Any other weird things he took the time to quasi-legislate?

He pledged an end to what he considers government-sponsored censorship, in the form of fact-checking misinformation on social media, and a restoration of the universal right to free speech. Sorry, but redundant! The broligarchy is already handling that for him.

He vowed retribution against political enemies, on the grounds that 51 intelligence officials purportedly engaged in election interference by signing a letter attributing all that business with Hunter Biden’s laptop to a possible “Russian information operation.” Trump also name-checked John Bolton, his national security adviser turned adversary following the publication of a memoir that painted Trump as an inept baby intent on sucking up to dictators. With one executive order, Trump revoked security clearances for the whole group.

He pardoned 1,600 January 6 rioters and commuted the sentences of those already serving time, regardless of the severity of the crimes committed. No surprises here.

He made a stunning commitment to the death penalty, ordering the attorney general to automatically seek it for federal crimes involving the murder of a law-enforcement officer or capital crimes committed by undocumented immigrants. Biden’s Justice Department stayed federal executions in 2021, and the former president issued pardons to 37 death-row inmates before leaving office. Naturally, Trump’s order commands the AG to revisit those pardons.

He delayed the TikTok ban. Although the effort to ban TikTok originated in Trump’s first administration, it has since been rebranded as a Democratic fumble, offering Trump the opportunity to swoop in and clean up a mess many forgot he actually made. Among his first orders of business, Trump decreed a 75-day stay on TikTok’s death sentence, in which time he charged his administration to find “an opportunity to determine the appropriate course forward in an orderly way that protects national security while avoiding an abrupt shutdown of a communications platform used by millions of Americans.”
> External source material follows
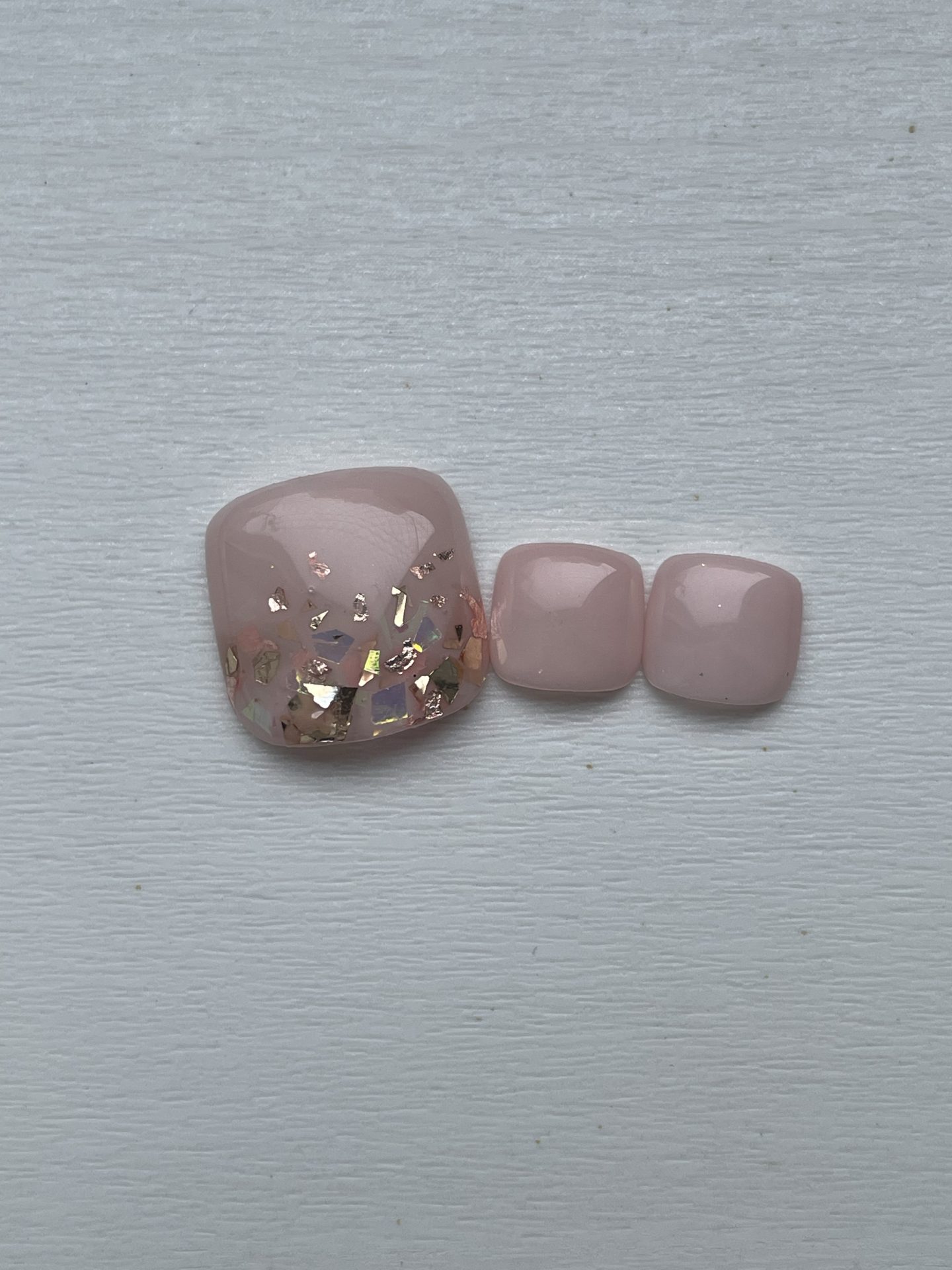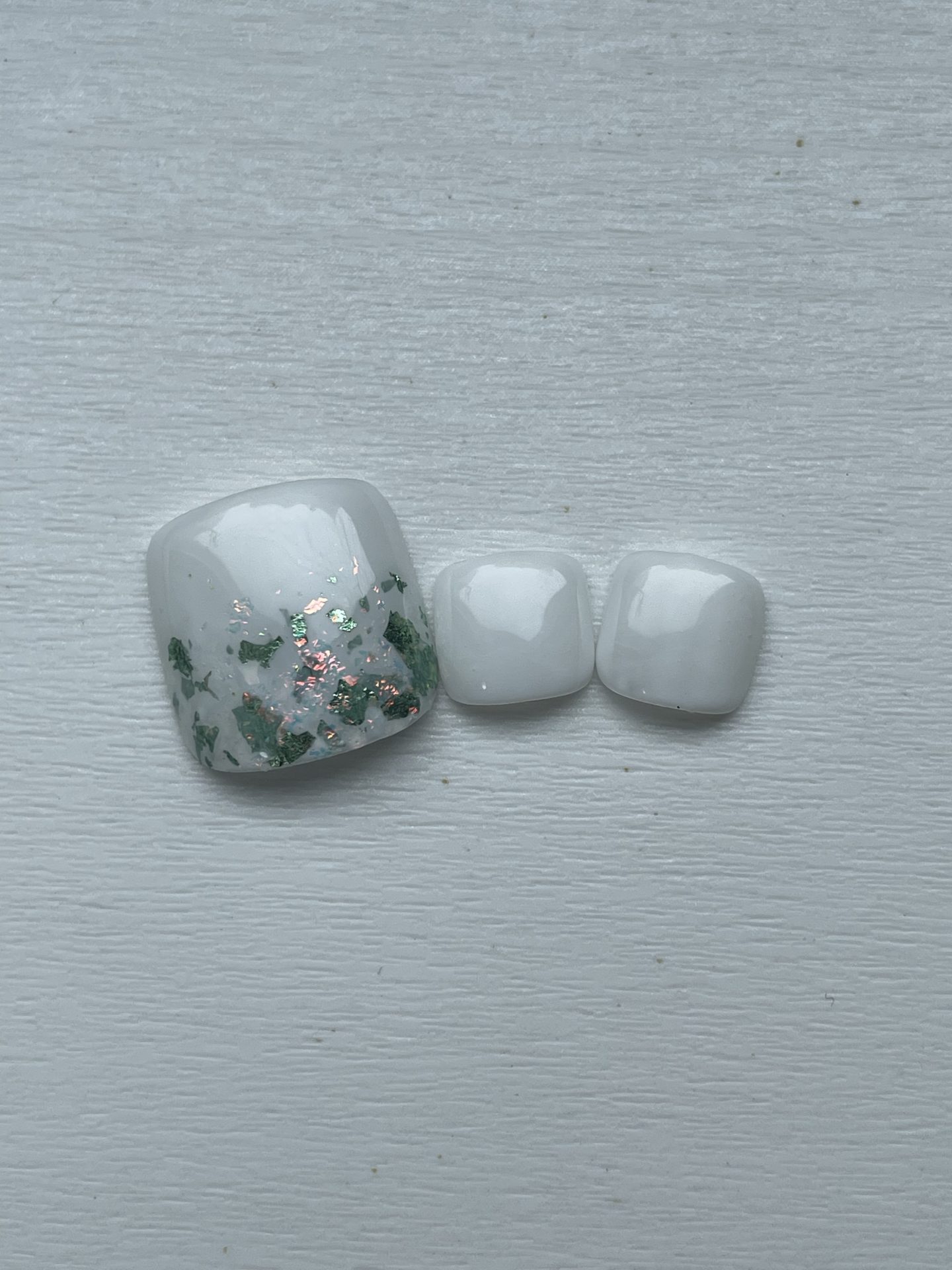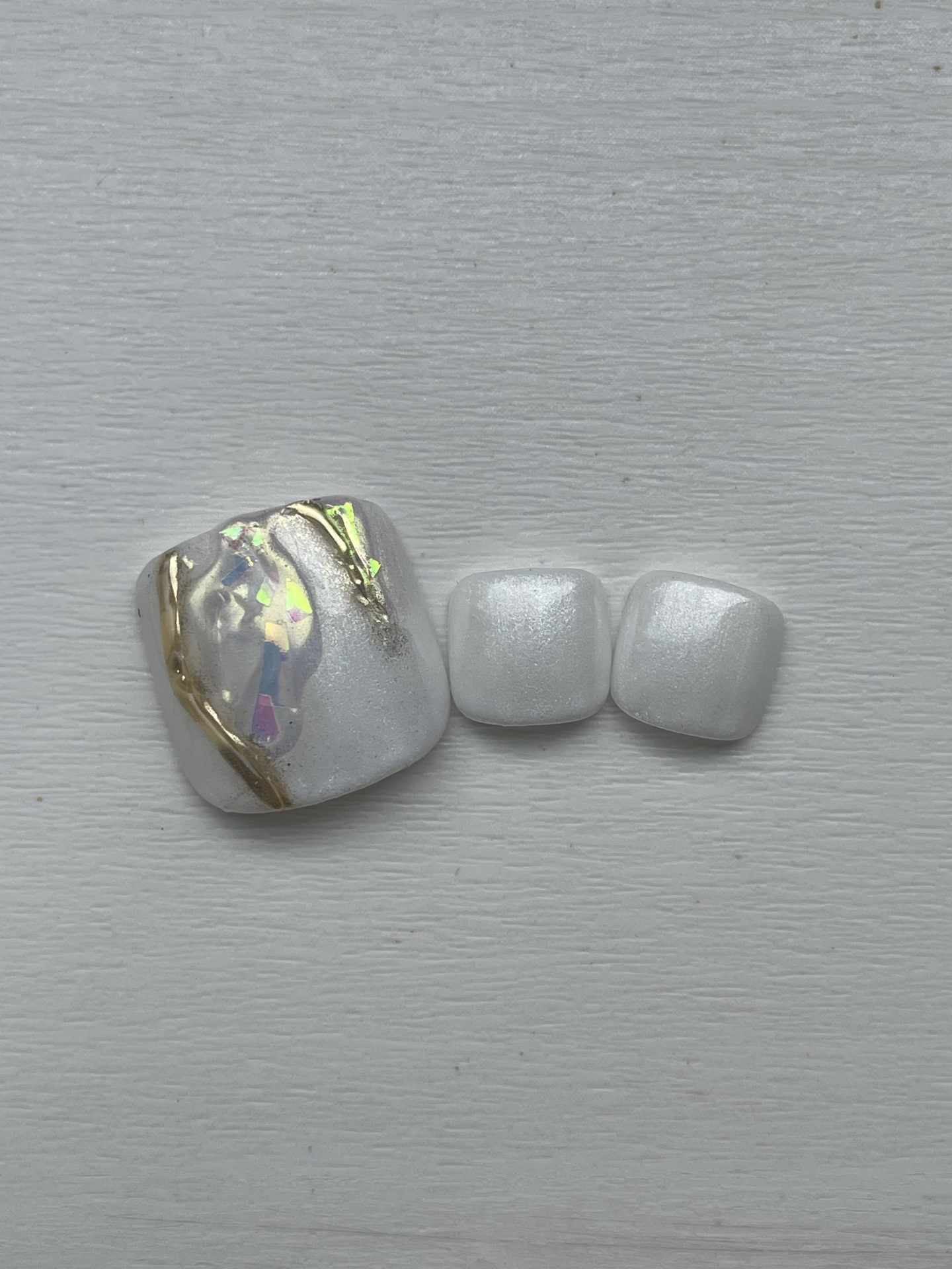 パールホワイトをベースカラーにオーロラのぷっくりニュアンスに乱切りのオーロラホロ、ゴールドのニュアンスも入れてトキメク足元に。
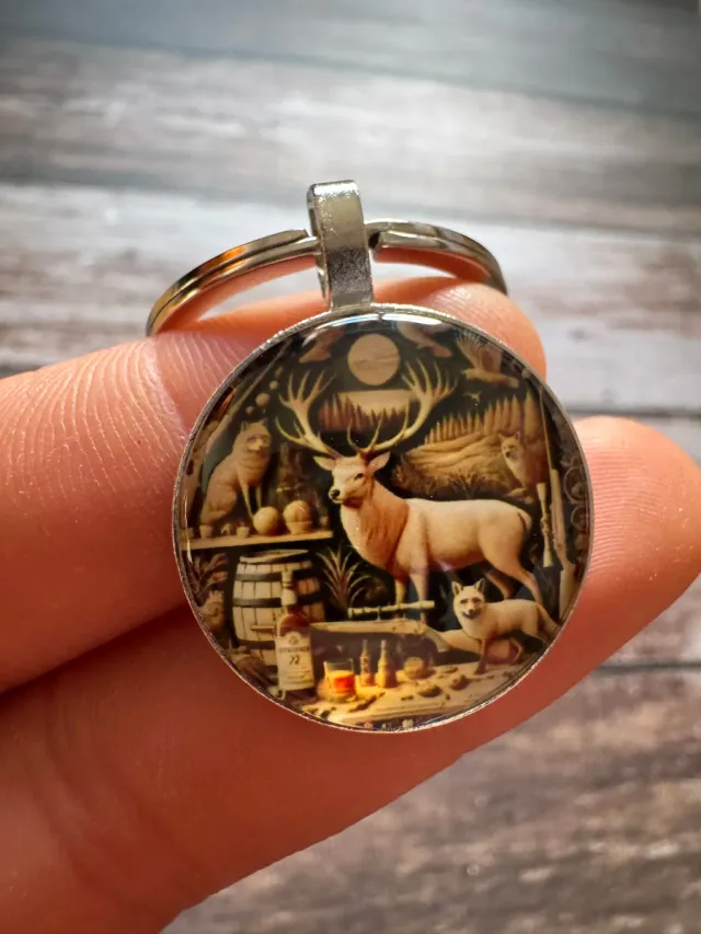 Detalles del productoLlavero de caza detallado. Diseño con ciervo y zorros.

He renamed the Gulf of Mexico, sort of. It’s the “Gulf of America” now, at least as far as federal parlance is concerned. Similarly, Trump wants you to call Alaska’s Denali “Mt. McKinley.”

He placed foreign-aid programs under review and suspended activity for 90 days.

He officially established the Department of Government Efficiency, or DOGE, giving Elon Musk yet another new job.

He required that anyone who might be flying an American flag at half-mast, as is the custom in periods of mourning, to hoist it high for the rest of Inauguration Day, even if they had lowered it out of respect for recently deceased former president Jimmy Carter and not as a commentary on the state of American democracy. The preservation of Trump’s fragile ego will always top his to-do list.